## EXERCISE DESCRIPTION
Reproduce only the lines of the material below that start at the line containing "El mago es un" and stop at the line containing "03调整天空颜色,使其有一个". Keep both end lines.

## RECORD SET

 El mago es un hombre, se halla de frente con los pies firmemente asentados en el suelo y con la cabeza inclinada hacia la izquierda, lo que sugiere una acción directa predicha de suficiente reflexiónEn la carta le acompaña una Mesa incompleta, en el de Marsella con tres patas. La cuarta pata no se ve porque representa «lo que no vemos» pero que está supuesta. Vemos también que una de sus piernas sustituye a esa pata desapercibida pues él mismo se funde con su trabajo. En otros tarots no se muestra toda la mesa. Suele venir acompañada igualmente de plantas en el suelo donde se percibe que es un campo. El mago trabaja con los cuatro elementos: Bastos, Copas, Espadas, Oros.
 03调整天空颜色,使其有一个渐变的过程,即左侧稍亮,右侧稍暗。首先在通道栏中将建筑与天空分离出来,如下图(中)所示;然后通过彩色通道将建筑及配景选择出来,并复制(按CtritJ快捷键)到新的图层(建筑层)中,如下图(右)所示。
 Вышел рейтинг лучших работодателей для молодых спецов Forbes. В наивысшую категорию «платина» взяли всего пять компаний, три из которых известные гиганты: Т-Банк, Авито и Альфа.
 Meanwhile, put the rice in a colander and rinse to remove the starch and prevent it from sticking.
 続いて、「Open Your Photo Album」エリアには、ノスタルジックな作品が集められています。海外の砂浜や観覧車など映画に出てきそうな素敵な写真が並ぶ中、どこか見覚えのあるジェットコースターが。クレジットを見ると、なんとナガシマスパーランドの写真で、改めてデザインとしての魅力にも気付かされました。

--

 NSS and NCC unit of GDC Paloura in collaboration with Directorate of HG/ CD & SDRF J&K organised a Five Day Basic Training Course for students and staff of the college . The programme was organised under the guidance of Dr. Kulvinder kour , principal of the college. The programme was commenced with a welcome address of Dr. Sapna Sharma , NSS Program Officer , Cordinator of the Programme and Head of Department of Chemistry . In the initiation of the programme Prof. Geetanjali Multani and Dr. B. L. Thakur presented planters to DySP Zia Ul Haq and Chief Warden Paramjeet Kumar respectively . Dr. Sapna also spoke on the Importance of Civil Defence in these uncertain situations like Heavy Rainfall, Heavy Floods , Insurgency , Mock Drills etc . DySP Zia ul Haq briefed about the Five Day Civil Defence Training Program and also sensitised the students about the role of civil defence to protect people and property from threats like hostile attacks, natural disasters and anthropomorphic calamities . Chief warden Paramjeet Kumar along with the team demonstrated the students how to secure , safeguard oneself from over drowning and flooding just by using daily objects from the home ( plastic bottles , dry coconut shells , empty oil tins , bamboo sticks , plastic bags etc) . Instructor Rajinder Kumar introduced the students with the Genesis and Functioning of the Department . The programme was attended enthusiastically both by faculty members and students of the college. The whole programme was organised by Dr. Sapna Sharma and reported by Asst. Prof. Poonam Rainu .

* * *

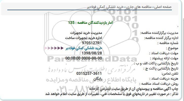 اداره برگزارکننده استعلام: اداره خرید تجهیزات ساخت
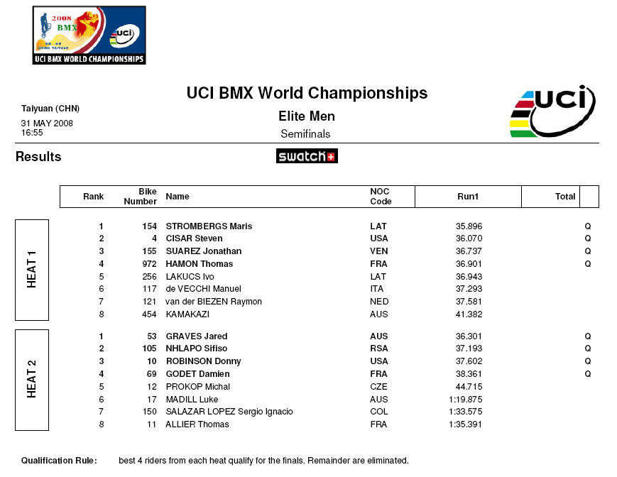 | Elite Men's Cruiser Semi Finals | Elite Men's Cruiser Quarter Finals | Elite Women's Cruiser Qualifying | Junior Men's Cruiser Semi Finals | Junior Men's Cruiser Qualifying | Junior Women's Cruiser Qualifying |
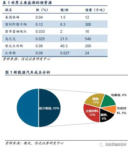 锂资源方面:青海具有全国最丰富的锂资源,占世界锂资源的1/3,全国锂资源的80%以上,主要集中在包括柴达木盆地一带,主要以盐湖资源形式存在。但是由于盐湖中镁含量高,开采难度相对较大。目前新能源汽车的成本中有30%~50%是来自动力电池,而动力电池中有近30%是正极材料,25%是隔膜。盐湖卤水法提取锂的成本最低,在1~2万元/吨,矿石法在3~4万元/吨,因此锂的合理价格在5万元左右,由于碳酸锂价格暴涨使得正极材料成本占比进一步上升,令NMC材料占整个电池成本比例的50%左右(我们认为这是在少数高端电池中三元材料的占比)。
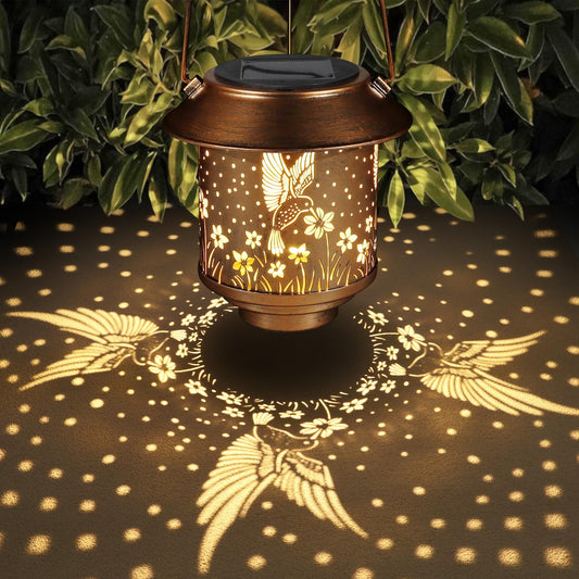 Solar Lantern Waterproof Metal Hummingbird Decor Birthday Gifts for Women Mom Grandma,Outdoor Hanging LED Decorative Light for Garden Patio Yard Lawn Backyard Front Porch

## EXERCISE RESULT
 El mago es un hombre, se halla de frente con los pies firmemente asentados en el suelo y con la cabeza inclinada hacia la izquierda, lo que sugiere una acción directa predicha de suficiente reflexiónEn la carta le acompaña una Mesa incompleta, en el de Marsella con tres patas. La cuarta pata no se ve porque representa «lo que no vemos» pero que está supuesta. Vemos también que una de sus piernas sustituye a esa pata desapercibida pues él mismo se funde con su trabajo. En otros tarots no se muestra toda la mesa. Suele venir acompañada igualmente de plantas en el suelo donde se percibe que es un campo. El mago trabaja con los cuatro elementos: Bastos, Copas, Espadas, Oros.
 03调整天空颜色,使其有一个渐变的过程,即左侧稍亮,右侧稍暗。首先在通道栏中将建筑与天空分离出来,如下图(中)所示;然后通过彩色通道将建筑及配景选择出来,并复制(按CtritJ快捷键)到新的图层(建筑层)中,如下图(右)所示。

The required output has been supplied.